To start using this program, create the books.txt file with just a simple book. The name of the book is stored in the first line. For example.

books.txt

Code: Select all

Name of bookþFirst line of book.þSecond line of book.

This program is just a proof of concept; it lacks multiple details that are necessary to convert it in a fully working and robust application.

Antonio

Thor
Posts: 43
Joined: 31 Mar 2016 15:02

Re: Processing text files with very large lines via FOR /F command

#2 Post by Thor » 27 Mar 2017 11:20

Hi Aacini,

I have the following book called "Books.txt" (enclosed)
When I run your batch file which I call "book.bat", I've got the following menu:

Available books:

1- Book Name 1
2- Book Name 2
3- Book Name 3

Enter book number (4 to add a new book): 1
'/d' is not recognized as an internal or external command,
operable program or batch file.


Press any key to continue . . .

I've got the error as above do you know why?
Attachments
Books.zip
(339 Bytes) Downloaded 445 times

pieh-ejdsch
Posts: 240
Joined: 04 Mar 2014 11:14
Location: germany

Re: Processing text files with very large lines via FOR /F command

#3 Post by pieh-ejdsch » 27 Mar 2017 13:03

I think the idea is very good.
Like a sort of library.
To read the books correctly, the delayed expansion of variables must be deactivated.
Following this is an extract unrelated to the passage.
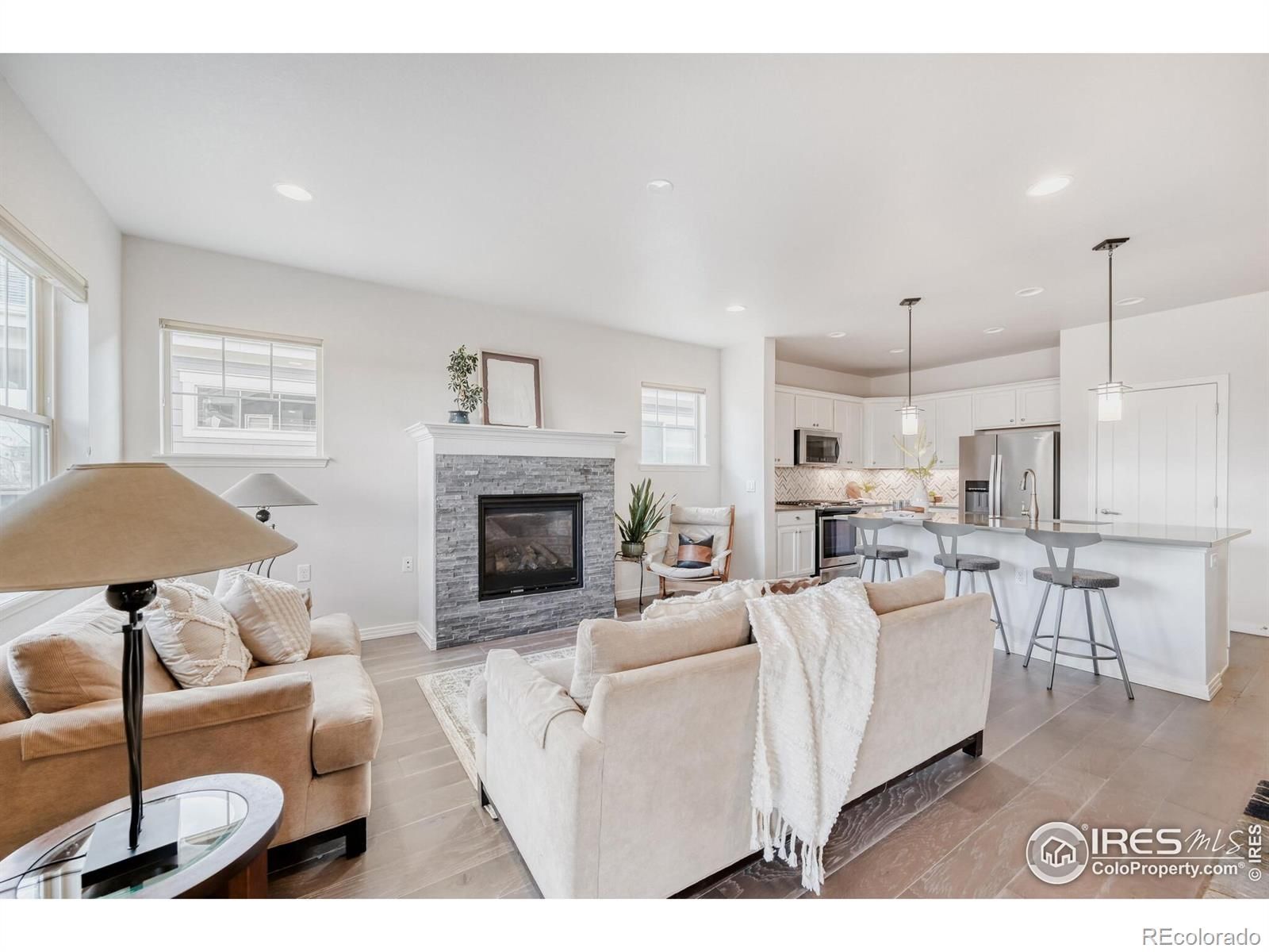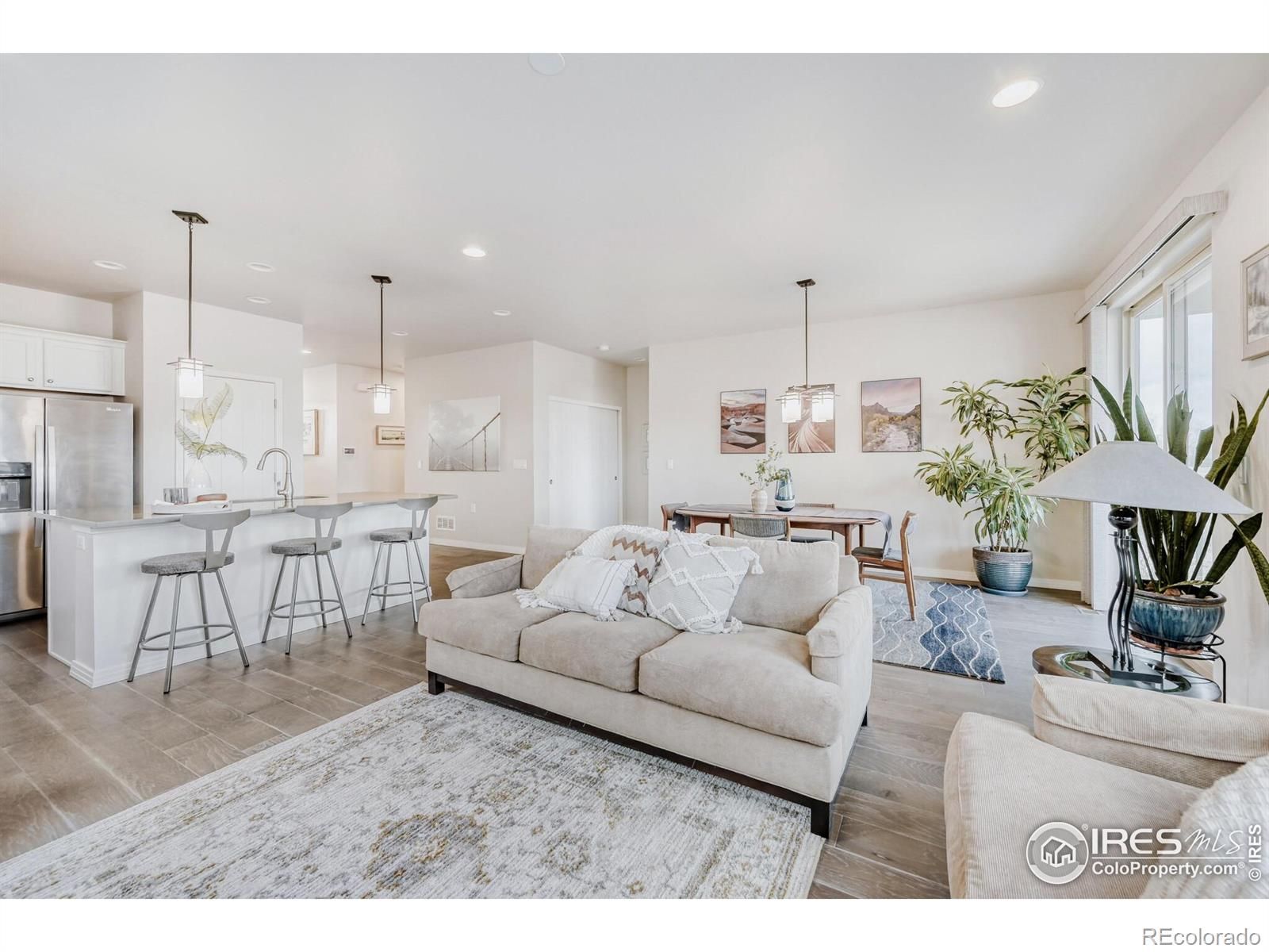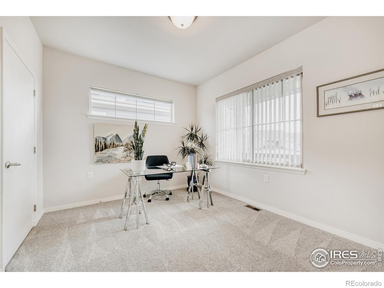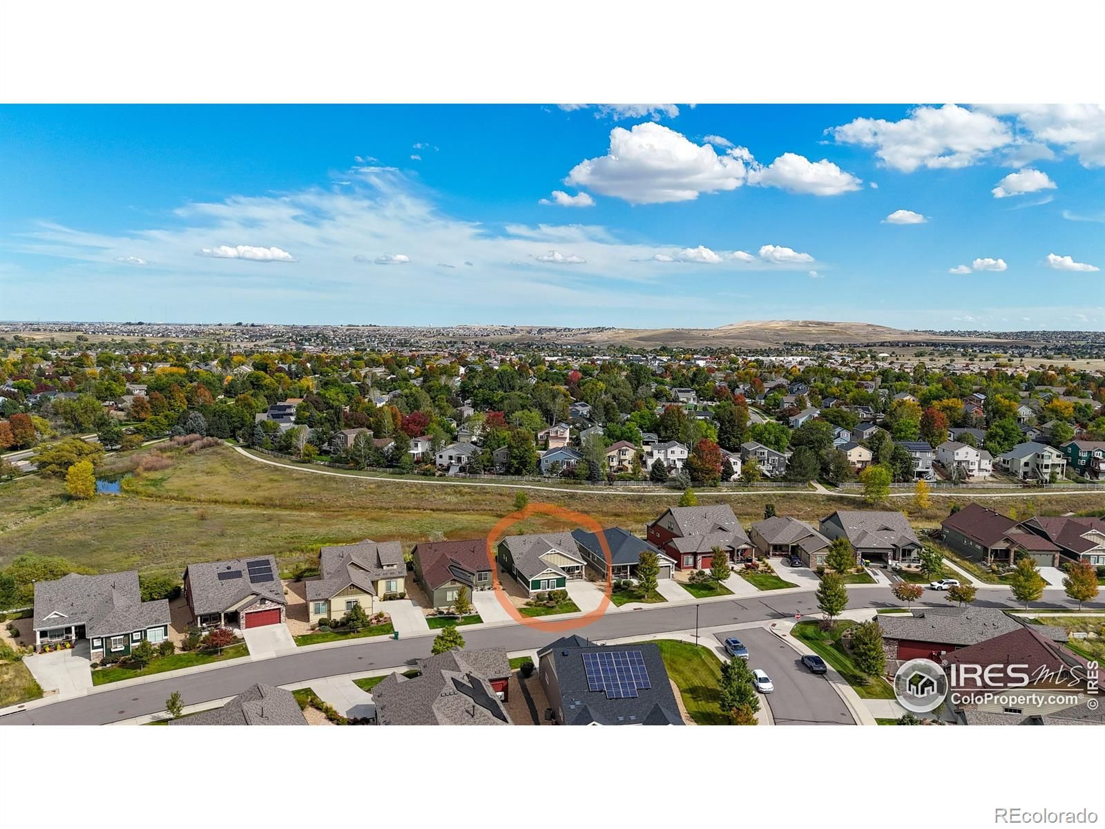 Single-level living in an as-new home, offering a contemporary open-floor plan, complete care of EVERYTHING outside the home, overlooking a magnificent riparian open-space location. Here is a place with a rare combination of qualities. Backing to the tranquility of a riparian open space environment, it is main floor living with wide hallways and door openings and just the right amount of space, set within a relaxed community of neighbors where you never have to care for the landscaping, exterior of the home, or ever lift a snow shovel. That leaves you exploring a trail system and nearby lake park with easy access to shopping and restaurants. When you travel, just lock the door and arrive at DIA in short time, or see the attractions of Denver and Boulder. Inside is a very lightly lived-in home with new carpeting and an island kitchen with stainless-steel appliances, quartz surfaces, and 42" white cabinets. The prime bedroom suite with 4-piece luxe bath looks out on the picturesque open space. A study with a closet offers the opportunity as a 3rd bedroom when necessary. The lower-cost HOA offers true care-free living. Everything outside the home is taken care of. The exterior of the home is freshly repainted with Sherwin-Williams 10-yr, top-quality paint and certified by them to be property applied. Your landscaping, including irrigation, mowing, and tree and shrub care is done, and snow removal includes the driveway. It's a residence like few others. Come and feel the enchantment of life here.

And in each row read and processed they are reactivated after the row has been set. Otherwise the exclamation marks will not be considered. All variables that are set inside the line to be processed must be reset with a variable transfer in an extension to be deactivated.
The lines beginning with semicolon are ignored and not read. They must be set to nothing with a line end character (EOL).
The empty lines are currently not considered, they must be treated separately in order to include them.
If an existing file is selected as a new book in the Existing Folder, this file must be read only and not deleted after the import.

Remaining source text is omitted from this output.